1. The Minute Sheets documenting the trial proceedings are available at ECF 55, 56. The audio recordings of the trial are available at ECF 65, 66, and 67.
2. A transcript of the September 13 hearing was not ordered, and Plaintiff does not discuss the hearing in the Motion. The Court refers to Defendant's account of the hearing and the Court's notes as accurate.
3. Plaintiff, to the Court's knowledge, has not made any effort to order a trial transcript and does not offer any excuse for the failure to do so, as required by Local Rule of Civil Procedure 7.1(e). Nor has Plaintiff cited the Electronic Sound Recordings ("ESR") of the trial, which are docketed and accessible to any PACER subscriber pursuant to Local Rule 5.1.2(16)(B)(6). Pursuant to Local Rule 7.1, this Court may dismiss Plaintiff's motion for lack of prosecution. Though Local Rule 7.1 does not address the availability of ESR, this Court would have considered Plaintiff's references to ESR as an alternative to a paper transcript.
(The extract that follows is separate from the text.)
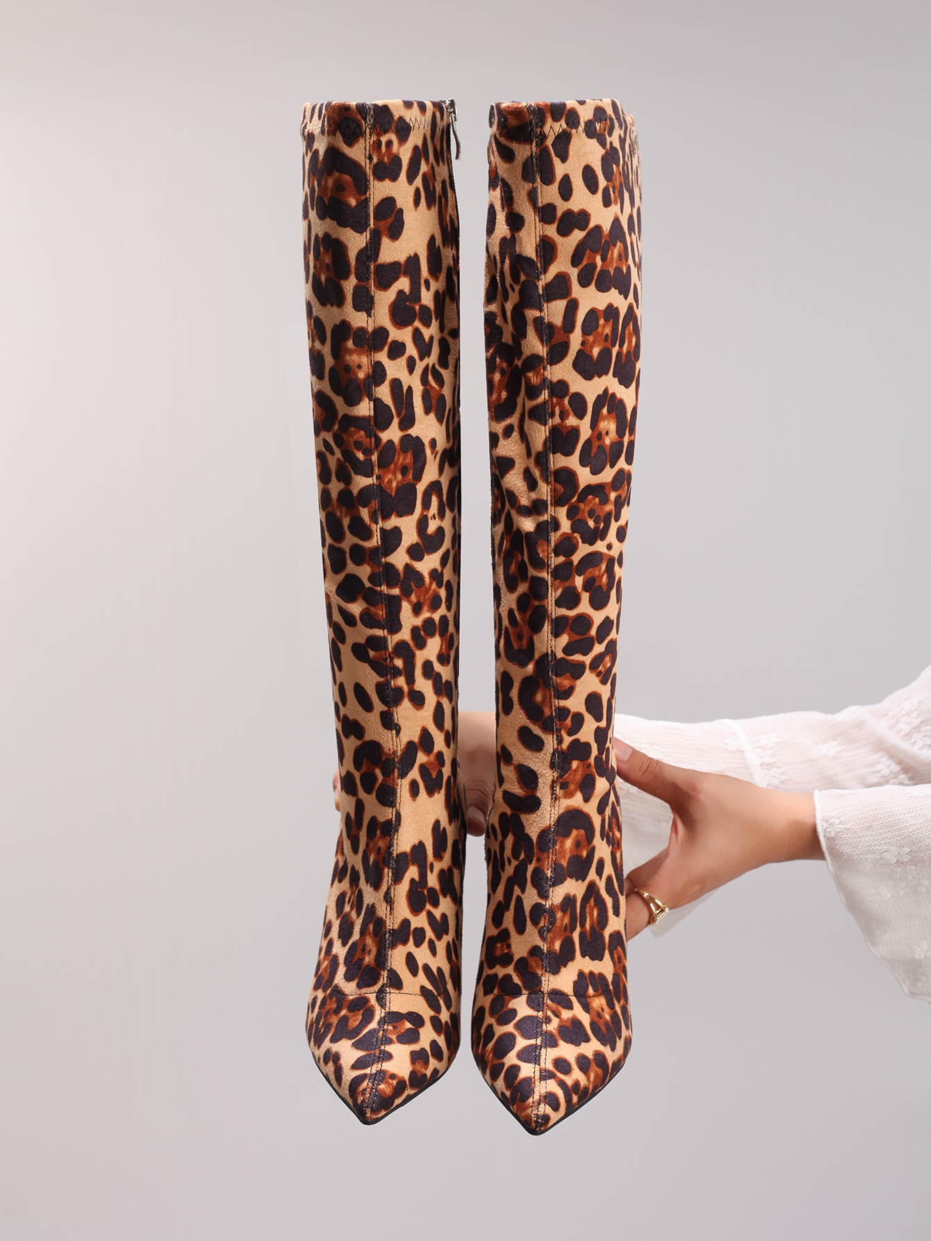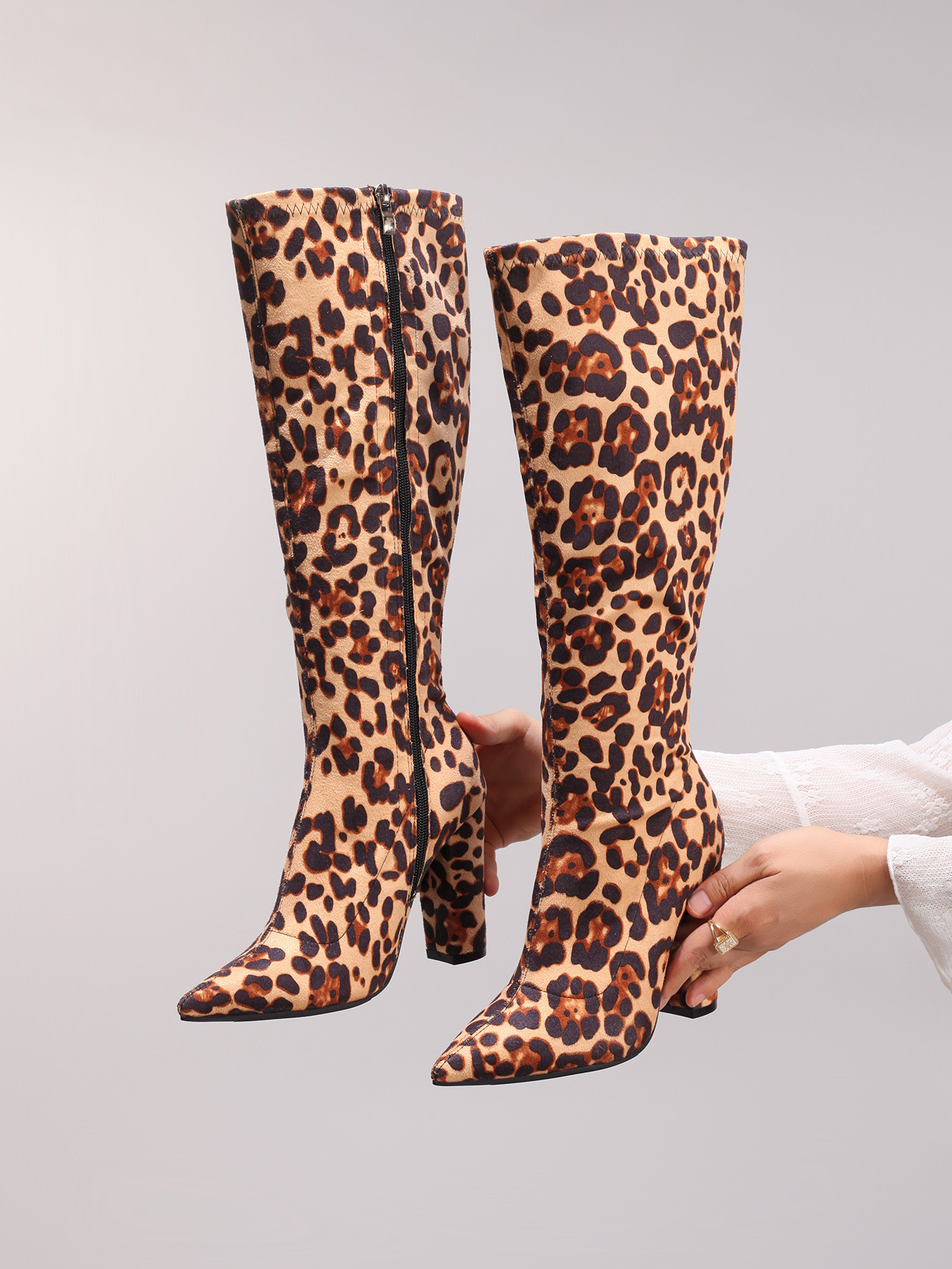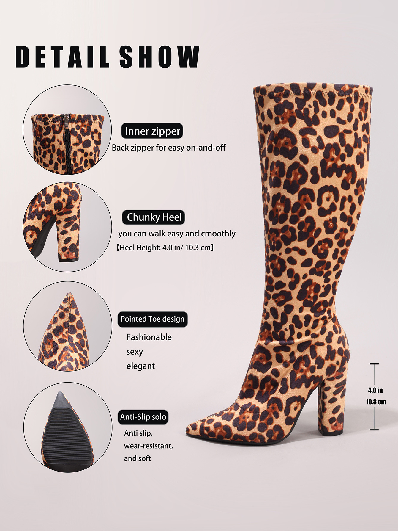 Fashion Leopard Print Long Boots Sexy Pointed Toe Side Zipper Chunky Heel Long Boots Party Prom Knee-High Boots Cross-Border Exclusive

Instead, the Court refers to Defendant's summary of the evidence presented and the Court's notes, which provide a more accurate description of the facts than Plaintiff's brief.
4. Defendant cites an excerpt of Dr. Mechanick's deposition transcript, which Defendant "believes . . . was played to the jury" in its entirety. (Resp. at 7 n.3.) Dr. Mechanick testified in his deposition, "In a clinical realm, if a patient presents to my office, he or she usually doesn't typically bring a folder of records to review. Sometimes they do bring records. If they do, I will certainly review them, and at times I may request records from other treatment providers, but my relationship is different. As a treatment provider, I'm there to treat and hopefully help my patients. As a forensic exami[ner], I'm there to provide an independent psychiatric opinion regarding a particular matter." (Resp. at 7.) Without the benefit of a trial transcript or Plaintiff's references to ESR, the Court considers this excerpt to accurately reflect Dr. Mechanick's trial testimony in ruling on Plaintiff's motion.
5. The Court refers to Defendant's factual account of the trial as accurate.